Ambitiously conceived to wittingly speak of the most aching realities of today’s world, Sailing the Barbarous Coast reflects a sense of uncertainty in the midst of economic insecurity, social unrest and global strife. The title of the show, derived from the location of the US’s first foreign military intervention in Tripoli in 1801, reflects the dark side of the American Dream. Both Matthes and Smith create works that speak of America’s everyday – but often overlooked – calamities: war and consumerism, race and sex, environmental damage and the current global fiscal crisis.

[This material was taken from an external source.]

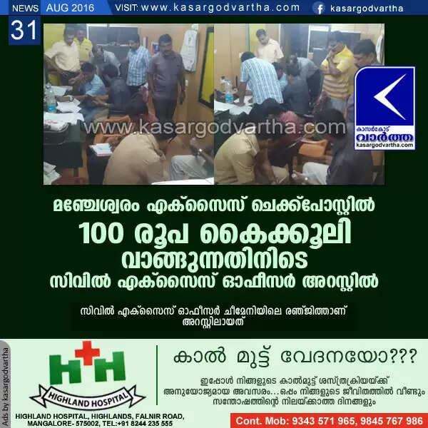 മഞ്ചേശ്വരം എക്സൈസ് ചെക്ക്പോസ്റ്റില് 100 രൂപ കൈക്കൂലി വാങ്ങുന്നതിനിടെ സിവില് എക്സൈസ് ഓഫീസര് അറസ്റ്റില്

The artists draw connections between militarism, spending, excessive consumption, economic hardship and environmental disasters. And even though their work captures the events that have global implications, they are always captured through the lens of the artists’ own, often tumultuous, personal experience. Combining keen humor, irony and a dose of mischief, Matthes and Smith relate their own lives to those of ordinary Americans, trying to “stay afloat” during the time of economic downturn and credit crunch.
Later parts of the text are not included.